Я собирался ответить ему порезче, но вовремя опомнился:
– Не командую вовсе, а говорю как есть.
Водила проследовал мимо. Пол заходил ходуном под его грузными шагами. Хлопнула входная дверь. Взвыла, словно её огрели плетью, собака.
– Просто там реально одному никак, мужики… – я удручённо развёл руками.
Рыжий поднялся. Поступь у него была лёгкая, расхлябанная. Проходя мимо, он сказал почти приветливо, так что совесть царапнула по душе:
– Рожа у тебя знакомая, зёма. Где-то виделись… – и вышел.
Снова грохнула дверь, залаяла сорванным басом Джесси. Я подождал чуть, давая Мукасю время на манёвр.
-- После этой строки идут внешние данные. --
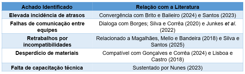 O Quadro 1 trazido logo acima reafirma que os resultados empíricos dialogam intensamente com o referencial teórico deste estudo, reforçando a premissa de que falhas de planejamento constituem o núcleo dos principais problemas enfrentados pelas obras.

Разбойничьего опыта у меня не было. Я мучительно пытался вспомнить сцену из какого-нибудь фильма про бандитов с их правильными словами и поступками. Но вместо этого в левом ухе неряшливо и дробно, как чечётка, застучали слова похабной песенки, которую когда-то прилежно списывал в дембельский альбом дед Слюсаренко: “Па-па бе-гал по из-бе, по избе, бил ма-машу папи-зде, папе-зде, папе зде-лали ботинки…”
– Чего ещё? – спросил пиджак.
Я догадывался, почему мне так неловко. Он был почти вдвое старше меня. И я его обманул.
“Папе-зде, папе-зде!” – лихорадочно стучало сердце. Я заграбастал листы со стола. Откровенно улыбнулся (типа вот и настал час сбросить маску) и порвал пополам.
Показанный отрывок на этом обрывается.